Kenny Inglis is a musician, composer, and music producer from Glasgow, Scotland.

Career 
Kenny's music has featured across a broad spectrum of film and television. His work has featured in U.S. prime time dramas such as Six Feet Under and CSI, feature films, advertisements and video games. He has written for a number of trailers including Polisse, Dead Man Down, Gangster Squad, Undisputed Truth, and Fifty Shades Freed.

To date Kenny has scored six BAFTA winning features – The Bridge: Fifty Years Across The Forth (BBC), Violent Men: Behind Bars (C4), Murder Case (Series 1) (BBC), Murder Trial (BBC), Long Lost Family: Born Without Trace (Series 3) (ITV), and Murder Case (Series 2) (BBC).

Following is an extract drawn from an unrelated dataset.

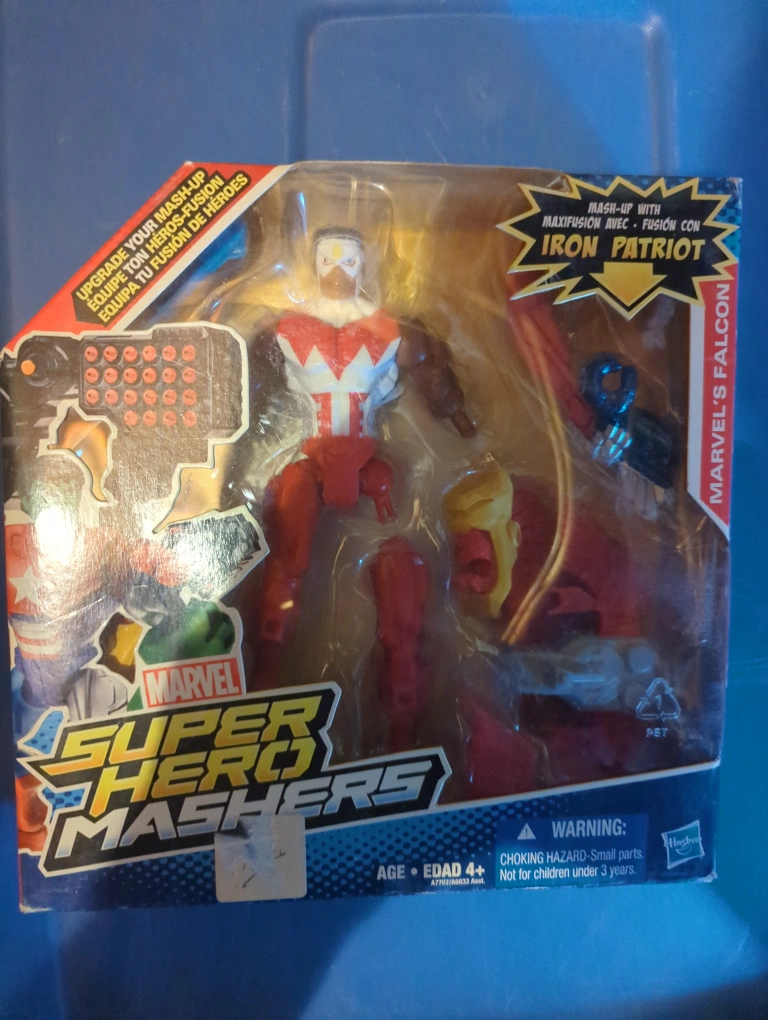 Up for grabs is a Marvel Super Hero Mashers figure featuring Iron Patriot and Marvel's Falcon! It's suitable for ages 4 and up. Comes in its original packaging

Long Lost Family: Born Without Trace (Series 3) also won the Reality and Factual Entertainment Award at the Rose D’Or International Awards, 2021.

In 2021, Kenny wrote the new title music for Long Lost Family on ITV, which aired for the first time on 5 July.

Inglis has appeared under a number of artist pseudonyms, releasing material as Cinephile, Spylab, Kid Grenade, Studio Blue, and Imperfect Stranger.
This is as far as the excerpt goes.